Segment Start: Provided material
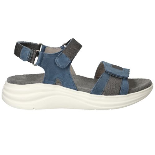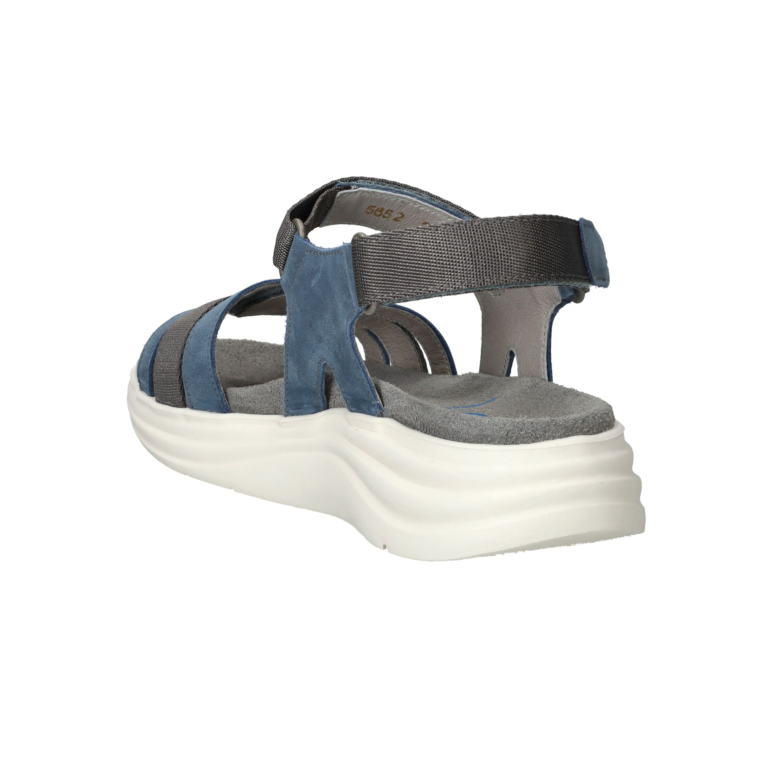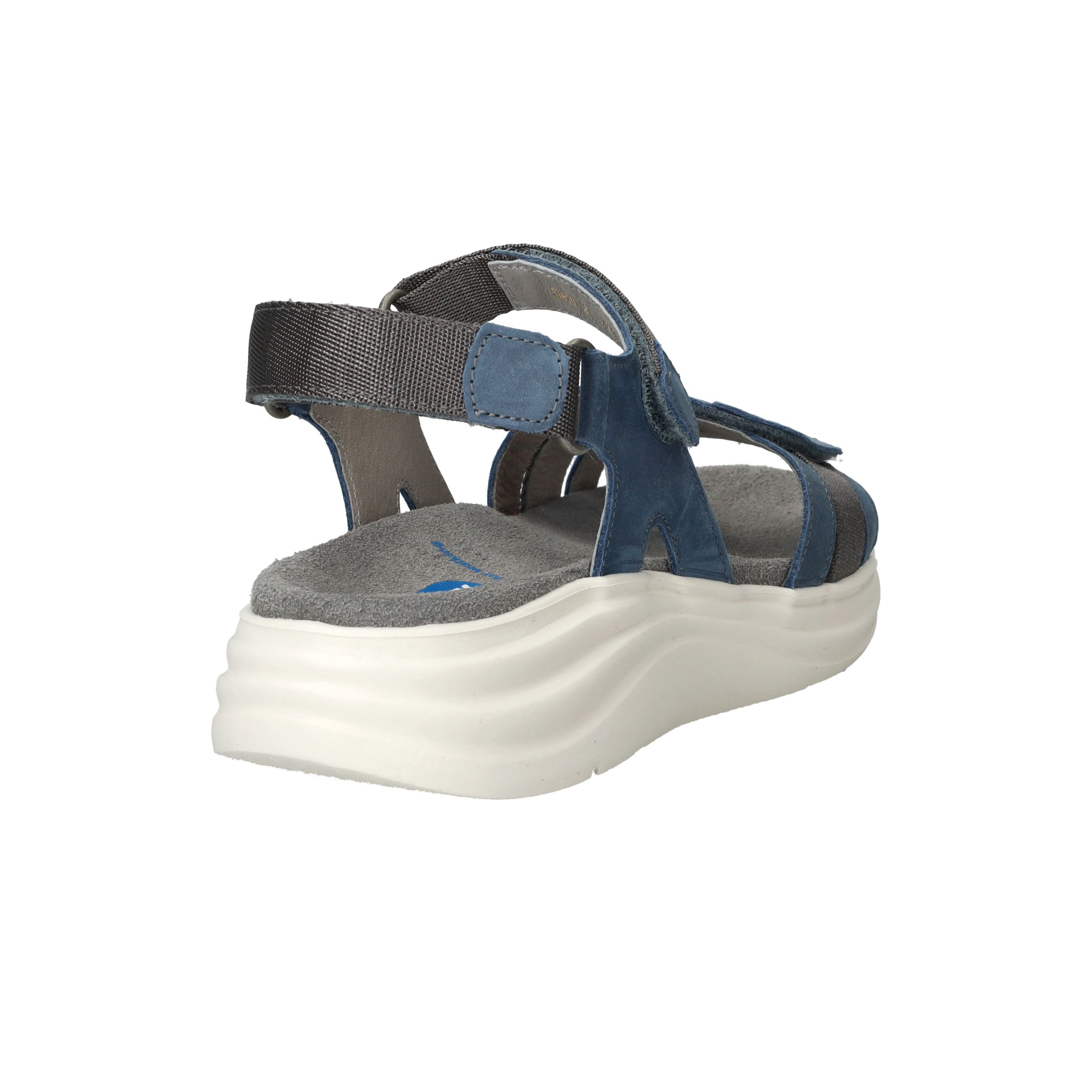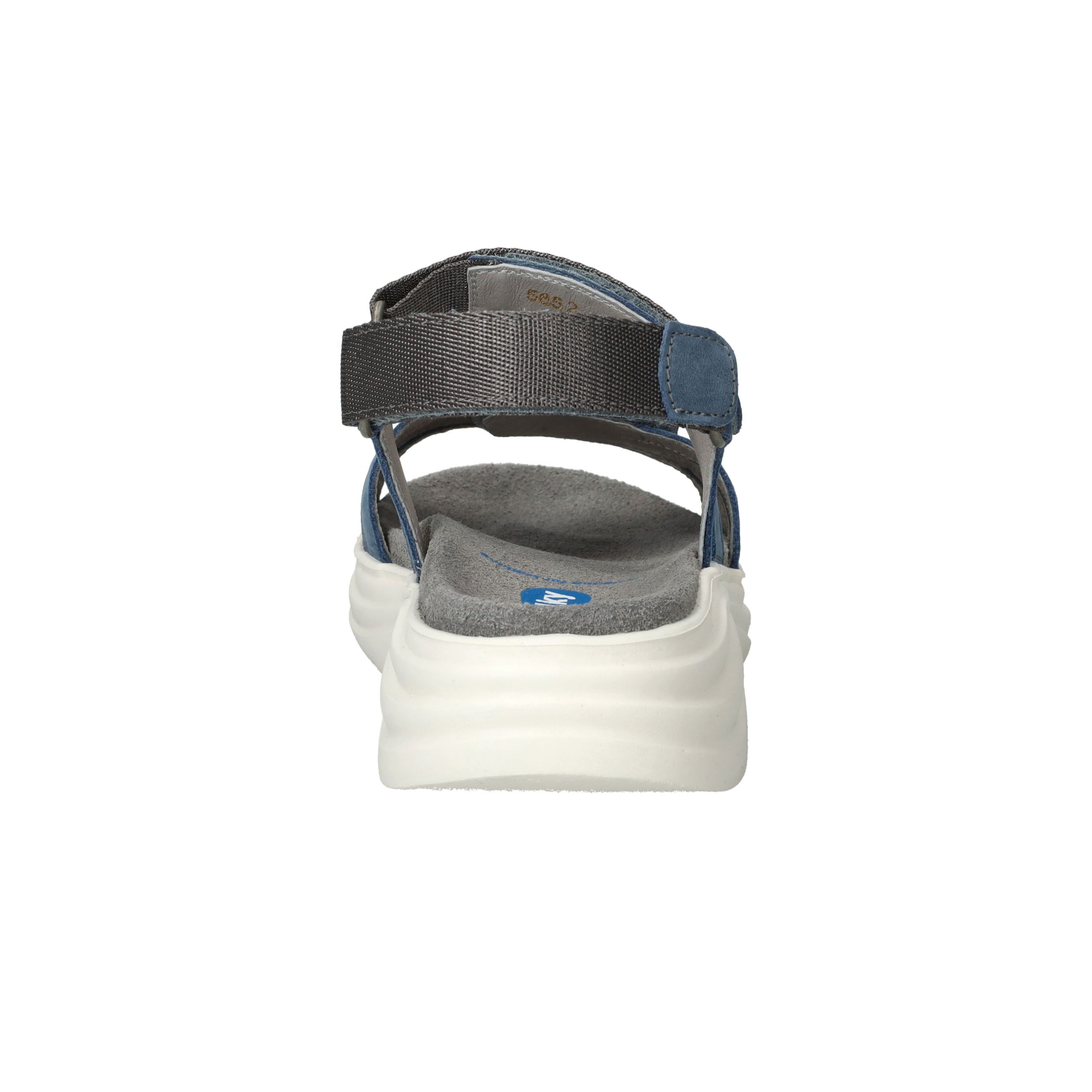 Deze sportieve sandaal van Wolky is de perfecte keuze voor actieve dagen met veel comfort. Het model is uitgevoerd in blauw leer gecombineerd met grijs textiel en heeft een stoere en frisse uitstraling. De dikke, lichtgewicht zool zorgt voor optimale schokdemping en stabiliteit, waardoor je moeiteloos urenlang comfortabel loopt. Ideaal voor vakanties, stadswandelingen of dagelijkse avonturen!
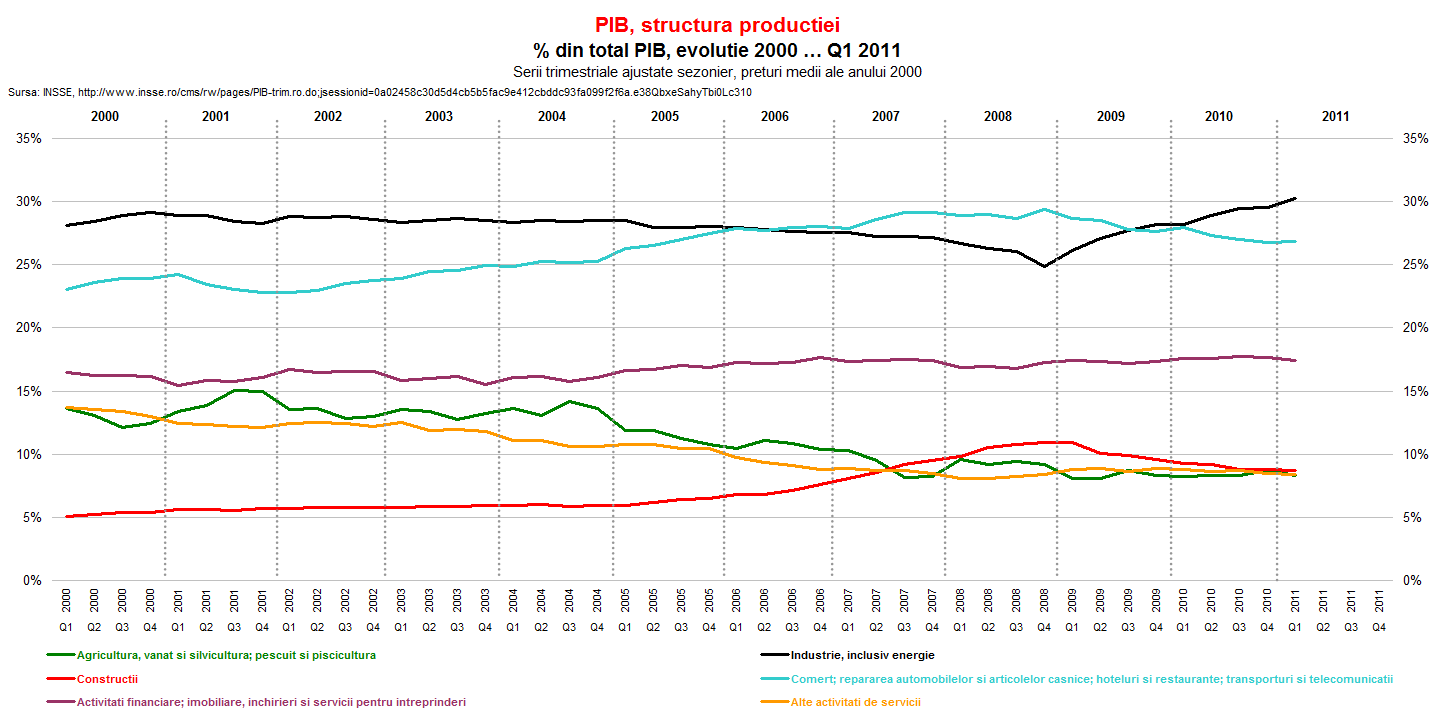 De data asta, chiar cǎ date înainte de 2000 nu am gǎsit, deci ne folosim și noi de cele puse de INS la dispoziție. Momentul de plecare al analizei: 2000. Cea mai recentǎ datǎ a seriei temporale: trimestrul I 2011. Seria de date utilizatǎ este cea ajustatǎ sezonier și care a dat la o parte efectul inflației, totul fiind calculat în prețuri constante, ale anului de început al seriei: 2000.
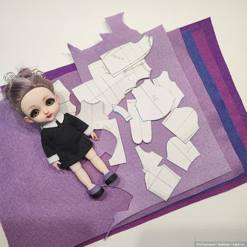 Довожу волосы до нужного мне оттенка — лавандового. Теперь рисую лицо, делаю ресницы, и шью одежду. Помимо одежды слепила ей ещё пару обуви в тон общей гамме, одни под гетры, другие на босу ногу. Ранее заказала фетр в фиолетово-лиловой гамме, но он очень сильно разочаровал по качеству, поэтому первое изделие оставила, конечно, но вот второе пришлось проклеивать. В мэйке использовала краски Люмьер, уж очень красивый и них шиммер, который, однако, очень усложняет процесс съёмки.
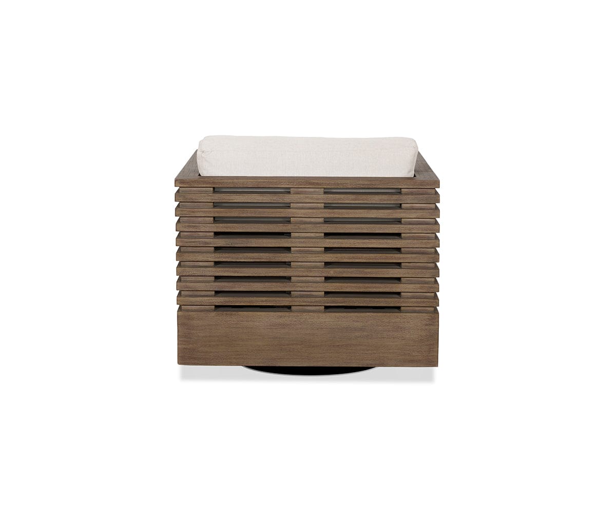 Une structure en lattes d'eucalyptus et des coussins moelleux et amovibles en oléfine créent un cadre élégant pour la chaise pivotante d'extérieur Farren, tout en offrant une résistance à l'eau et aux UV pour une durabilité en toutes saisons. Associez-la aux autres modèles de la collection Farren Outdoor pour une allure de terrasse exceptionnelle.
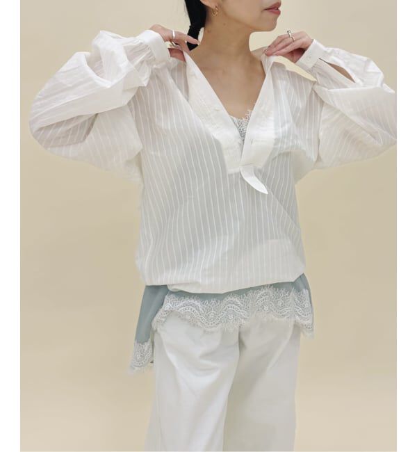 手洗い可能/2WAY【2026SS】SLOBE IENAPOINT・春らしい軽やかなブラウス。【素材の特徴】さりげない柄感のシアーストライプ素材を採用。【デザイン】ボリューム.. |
Segment End: Provided material
In the entries above, find the line with "Довожу волосы до" and the line with "Une structure en". Write out exactly those two lines and every line between them, pictures excluded.

_Worked solution_
 Довожу волосы до нужного мне оттенка — лавандового. Теперь рисую лицо, делаю ресницы, и шью одежду. Помимо одежды слепила ей ещё пару обуви в тон общей гамме, одни под гетры, другие на босу ногу. Ранее заказала фетр в фиолетово-лиловой гамме, но он очень сильно разочаровал по качеству, поэтому первое изделие оставила, конечно, но вот второе пришлось проклеивать. В мэйке использовала краски Люмьер, уж очень красивый и них шиммер, который, однако, очень усложняет процесс съёмки.
 Une structure en lattes d'eucalyptus et des coussins moelleux et amovibles en oléfine créent un cadre élégant pour la chaise pivotante d'extérieur Farren, tout en offrant une résistance à l'eau et aux UV pour une durabilité en toutes saisons. Associez-la aux autres modèles de la collection Farren Outdoor pour une allure de terrasse exceptionnelle.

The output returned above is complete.